■ Exercise requirements
Please copy the data exactly as it stands, minus the images.

■ Recorded information
---+---
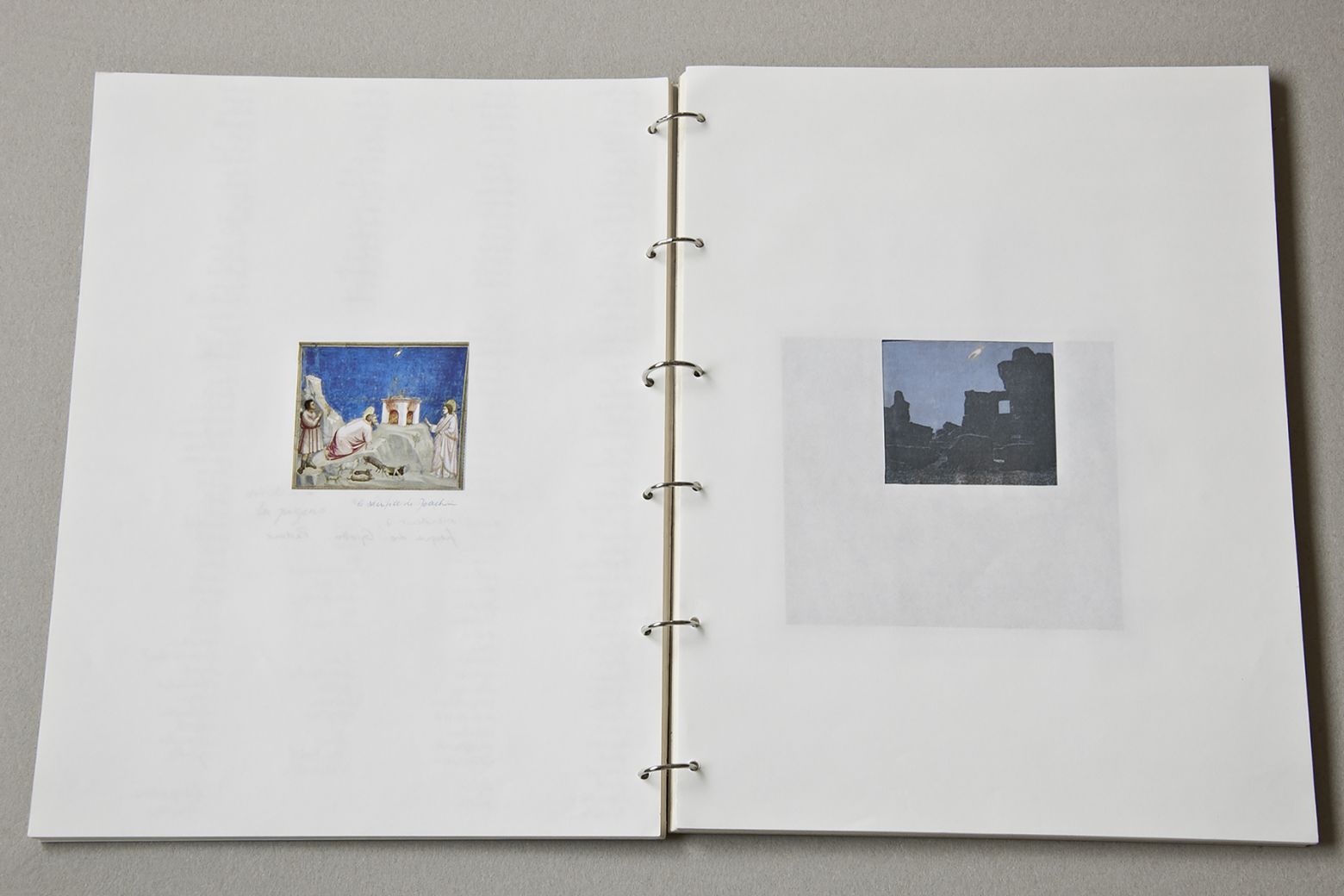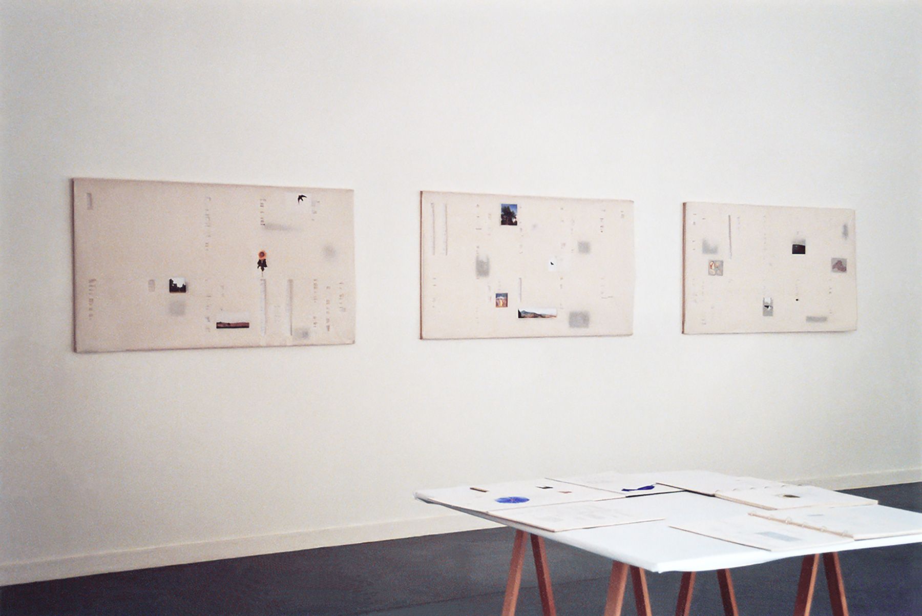 Trois panneaux, 84 x 150 cm, papiers tendus sur baguettes, collage
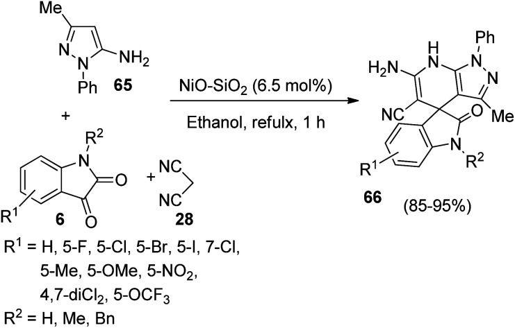 A strategy for the synthesis of spirooxindole-fused pyrazolo pyridine derivatives 66 utilizing silica supported NiO nanoparticles as catalyst was put forth by Yagnum et al. in which they also studied the anti-microbial activities of the novel compounds.55 The one-pot reaction between three components-dicyanomethane 28, isatin 6 and 3-methyl-1-phenyl-1H-pyrazole-5-amine 65 was advanced in ethanol, 6.5 mol% of NiO–SiO2 at reflux temperature (Scheme 26). Isatins with electron-withdrawing and electron-releasing groups were tolerated in the reaction. The yield was a little higher for 5-substituted and 7-substituted isatins relative to 4,7-disubstituted ones. There was no prominent role for steric and electronic factors. According to the suggested mechanism, the reaction follows a Knoevenagel condensation/Michael addition/cyclization/isomerization sequence. Anti-fungal and anti-bacterial properties were displayed by most of the spirooxindole derivatives so-obtained.
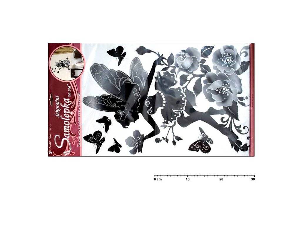 Samolepky na zeď víla černá glitry a kamínky 60x32cmDodatočné parametre
---+---
■ Result of this task
 Trois panneaux, 84 x 150 cm, papiers tendus sur baguettes, collage
 A strategy for the synthesis of spirooxindole-fused pyrazolo pyridine derivatives 66 utilizing silica supported NiO nanoparticles as catalyst was put forth by Yagnum et al. in which they also studied the anti-microbial activities of the novel compounds.55 The one-pot reaction between three components-dicyanomethane 28, isatin 6 and 3-methyl-1-phenyl-1H-pyrazole-5-amine 65 was advanced in ethanol, 6.5 mol% of NiO–SiO2 at reflux temperature (Scheme 26). Isatins with electron-withdrawing and electron-releasing groups were tolerated in the reaction. The yield was a little higher for 5-substituted and 7-substituted isatins relative to 4,7-disubstituted ones. There was no prominent role for steric and electronic factors. According to the suggested mechanism, the reaction follows a Knoevenagel condensation/Michael addition/cyclization/isomerization sequence. Anti-fungal and anti-bacterial properties were displayed by most of the spirooxindole derivatives so-obtained.
 Samolepky na zeď víla černá glitry a kamínky 60x32cmDodatočné parametre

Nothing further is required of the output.